- _WHAT YOU WILL DO_:
Look for the line containing "为贯彻落实全面从严治党的要求" and the line containing "- In Stücke" in the entries below. Copy those two and all lines between them exactly, leaving out pictures.
━━━━━ EXERCISE INPUTS
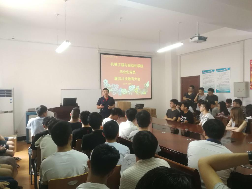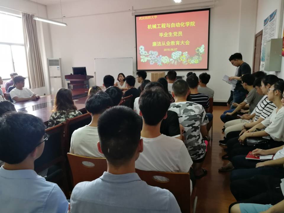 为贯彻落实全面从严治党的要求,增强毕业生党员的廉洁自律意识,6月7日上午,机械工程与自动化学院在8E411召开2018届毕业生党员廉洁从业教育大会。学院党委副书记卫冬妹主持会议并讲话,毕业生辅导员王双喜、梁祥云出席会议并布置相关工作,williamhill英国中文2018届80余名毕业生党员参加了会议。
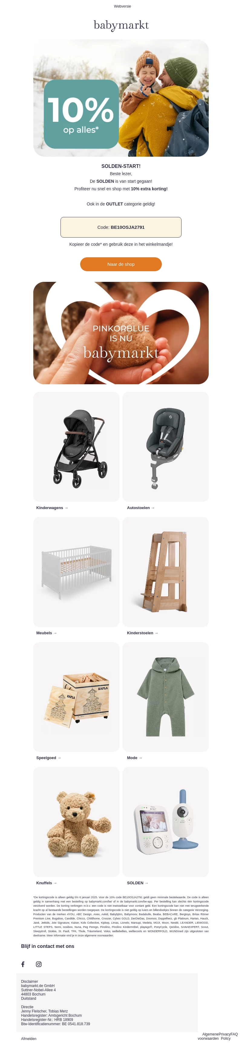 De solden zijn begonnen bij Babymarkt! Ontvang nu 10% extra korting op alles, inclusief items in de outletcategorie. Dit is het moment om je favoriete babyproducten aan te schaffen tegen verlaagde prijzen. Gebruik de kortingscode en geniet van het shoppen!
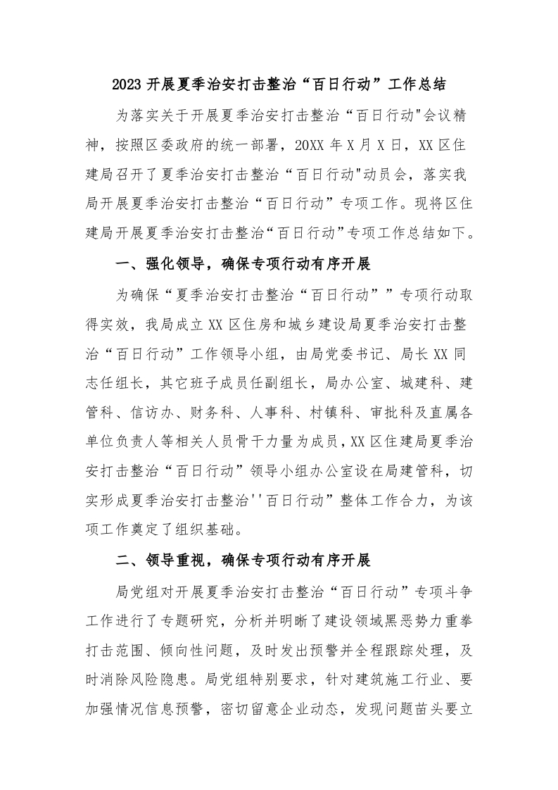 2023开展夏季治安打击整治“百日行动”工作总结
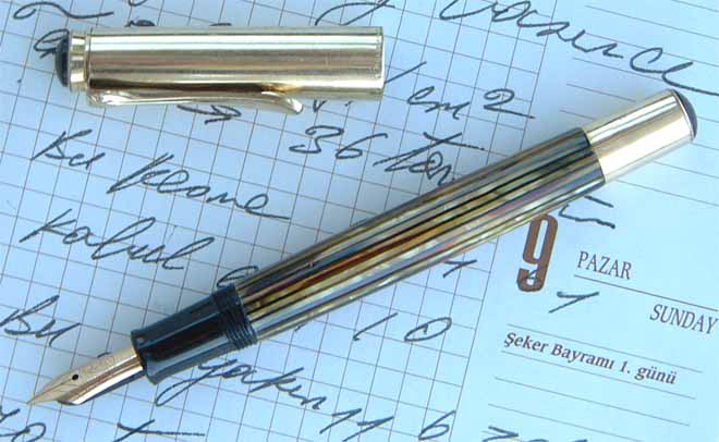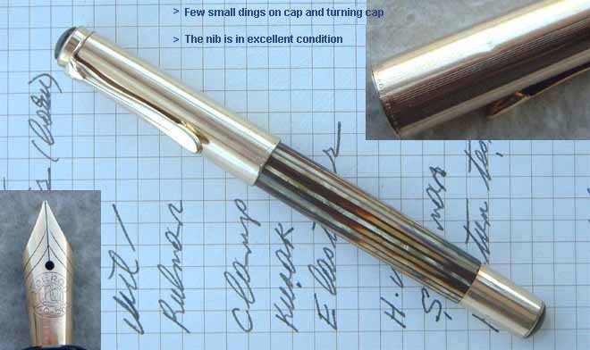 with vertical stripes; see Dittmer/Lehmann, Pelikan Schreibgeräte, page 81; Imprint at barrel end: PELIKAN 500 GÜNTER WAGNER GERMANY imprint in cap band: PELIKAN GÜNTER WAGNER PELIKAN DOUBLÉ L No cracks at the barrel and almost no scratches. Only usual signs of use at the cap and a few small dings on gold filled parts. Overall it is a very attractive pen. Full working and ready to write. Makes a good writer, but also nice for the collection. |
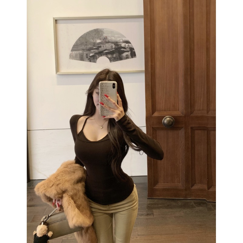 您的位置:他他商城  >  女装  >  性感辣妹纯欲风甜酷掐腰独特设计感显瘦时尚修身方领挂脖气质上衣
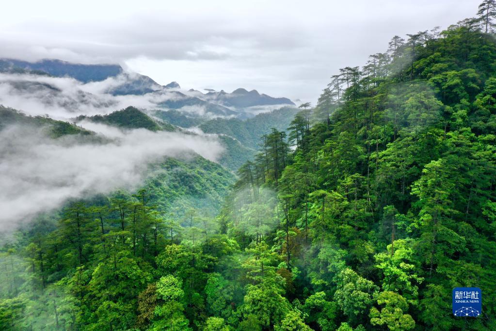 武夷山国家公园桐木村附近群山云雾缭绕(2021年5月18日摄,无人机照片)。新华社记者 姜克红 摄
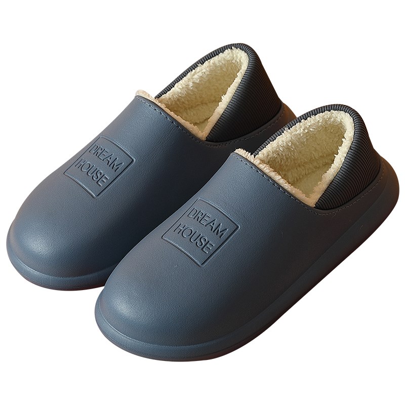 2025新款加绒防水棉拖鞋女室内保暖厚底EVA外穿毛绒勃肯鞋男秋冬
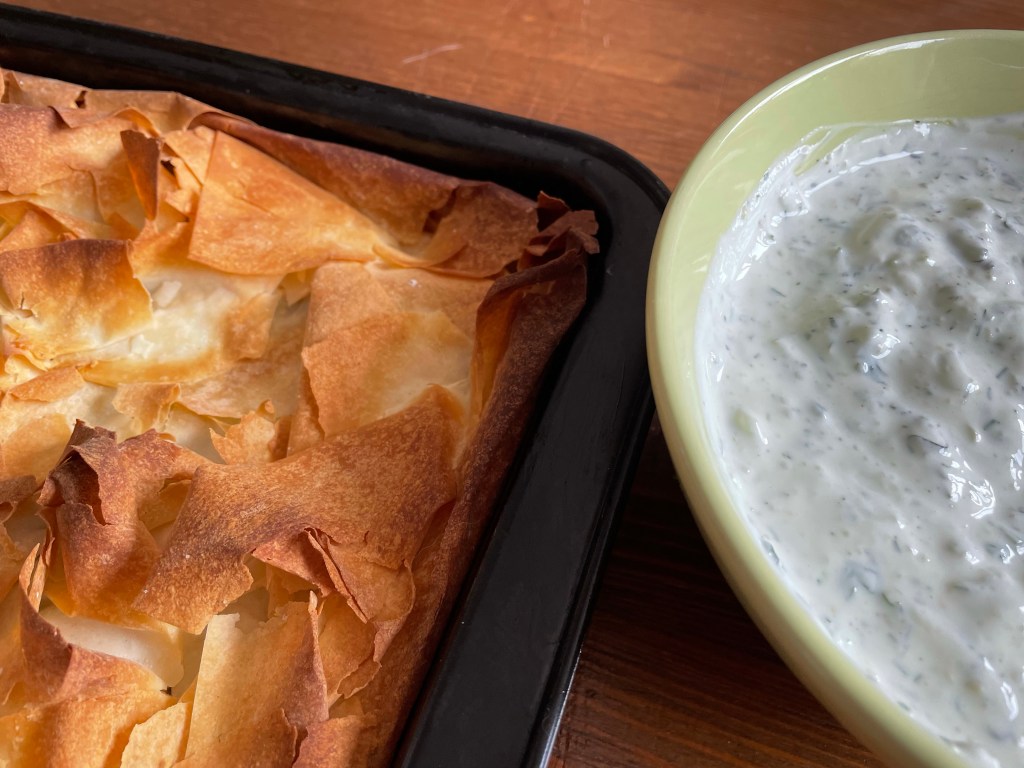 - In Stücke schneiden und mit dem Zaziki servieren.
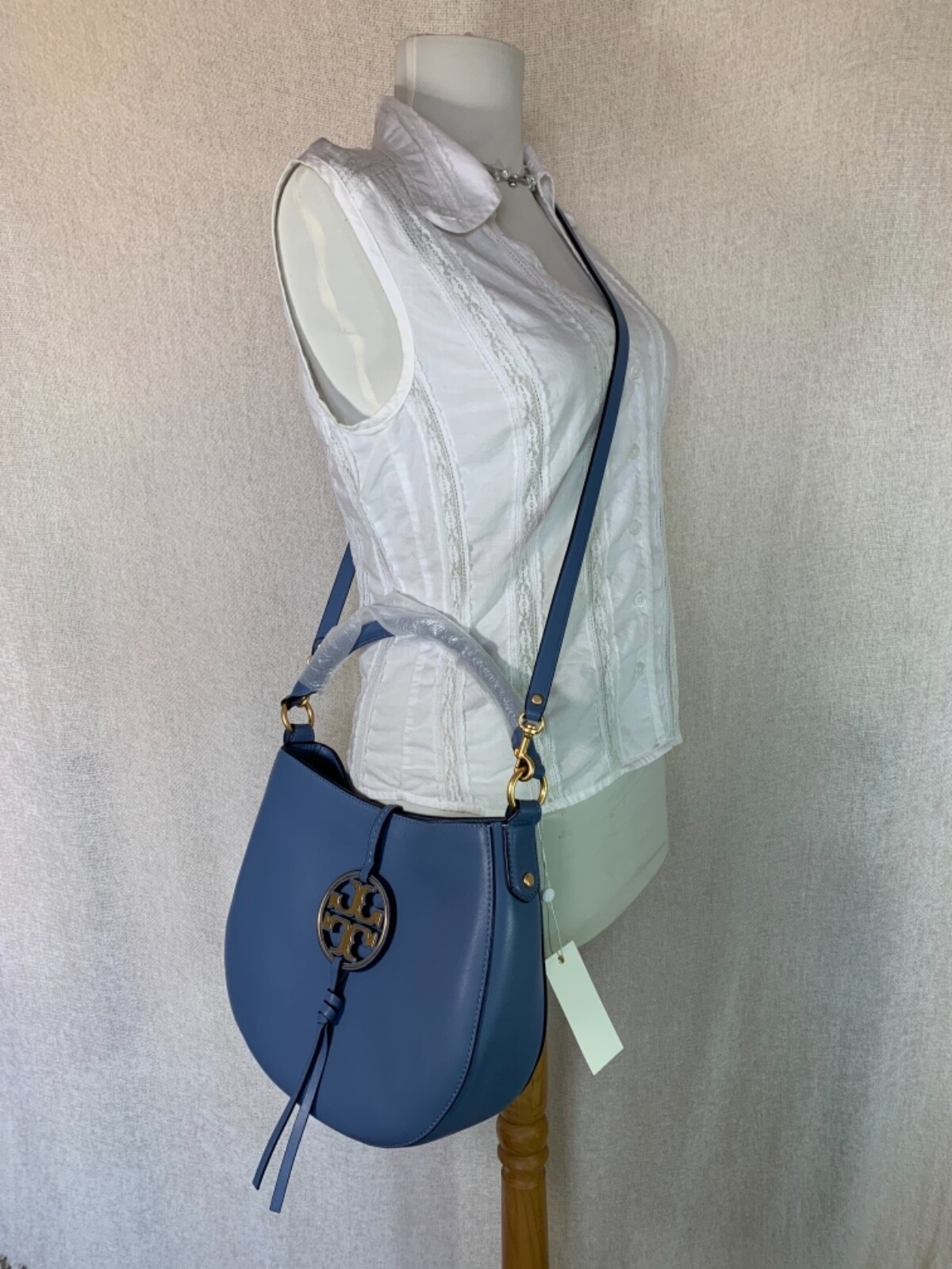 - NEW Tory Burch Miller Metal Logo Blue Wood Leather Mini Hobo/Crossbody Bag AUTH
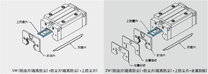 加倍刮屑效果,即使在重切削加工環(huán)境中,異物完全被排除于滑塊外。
━━━━━━━━━━
━━━━━ EXERCISE INPUTS
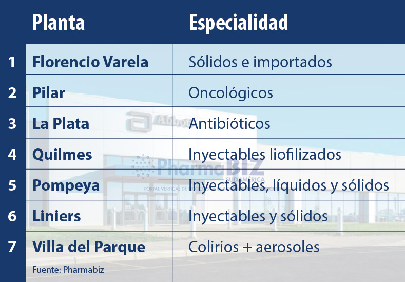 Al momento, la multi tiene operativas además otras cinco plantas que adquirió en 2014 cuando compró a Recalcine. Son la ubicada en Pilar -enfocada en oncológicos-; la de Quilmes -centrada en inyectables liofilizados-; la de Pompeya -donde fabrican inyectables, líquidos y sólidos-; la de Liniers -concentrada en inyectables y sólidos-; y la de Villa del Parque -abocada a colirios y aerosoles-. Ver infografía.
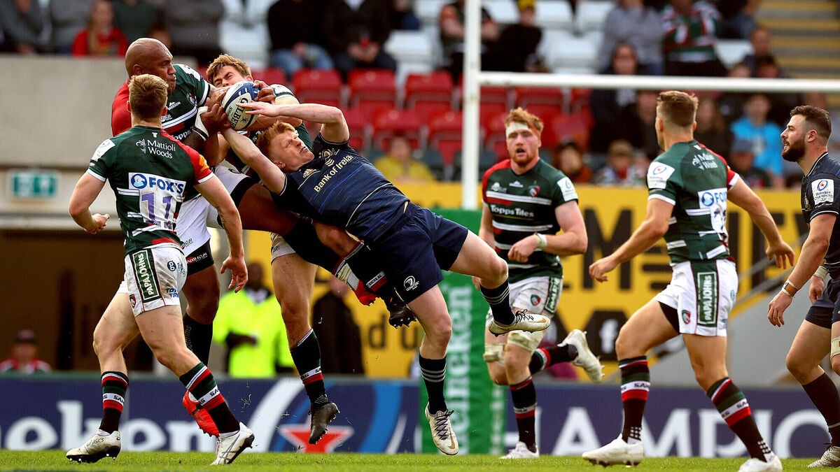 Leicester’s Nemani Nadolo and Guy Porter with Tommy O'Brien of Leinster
━━━━━━━━━━
- _TASK OUTPUT_:
 为贯彻落实全面从严治党的要求,增强毕业生党员的廉洁自律意识,6月7日上午,机械工程与自动化学院在8E411召开2018届毕业生党员廉洁从业教育大会。学院党委副书记卫冬妹主持会议并讲话,毕业生辅导员王双喜、梁祥云出席会议并布置相关工作,williamhill英国中文2018届80余名毕业生党员参加了会议。
 De solden zijn begonnen bij Babymarkt! Ontvang nu 10% extra korting op alles, inclusief items in de outletcategorie. Dit is het moment om je favoriete babyproducten aan te schaffen tegen verlaagde prijzen. Gebruik de kortingscode en geniet van het shoppen!
 2023开展夏季治安打击整治“百日行动”工作总结
 with vertical stripes; see Dittmer/Lehmann, Pelikan Schreibgeräte, page 81; Imprint at barrel end: PELIKAN 500 GÜNTER WAGNER GERMANY imprint in cap band: PELIKAN GÜNTER WAGNER PELIKAN DOUBLÉ L No cracks at the barrel and almost no scratches. Only usual signs of use at the cap and a few small dings on gold filled parts. Overall it is a very attractive pen. Full working and ready to write. Makes a good writer, but also nice for the collection. |
 您的位置:他他商城  >  女装  >  性感辣妹纯欲风甜酷掐腰独特设计感显瘦时尚修身方领挂脖气质上衣
 武夷山国家公园桐木村附近群山云雾缭绕(2021年5月18日摄,无人机照片)。新华社记者 姜克红 摄
 2025新款加绒防水棉拖鞋女室内保暖厚底EVA外穿毛绒勃肯鞋男秋冬
 - In Stücke schneiden und mit dem Zaziki servieren.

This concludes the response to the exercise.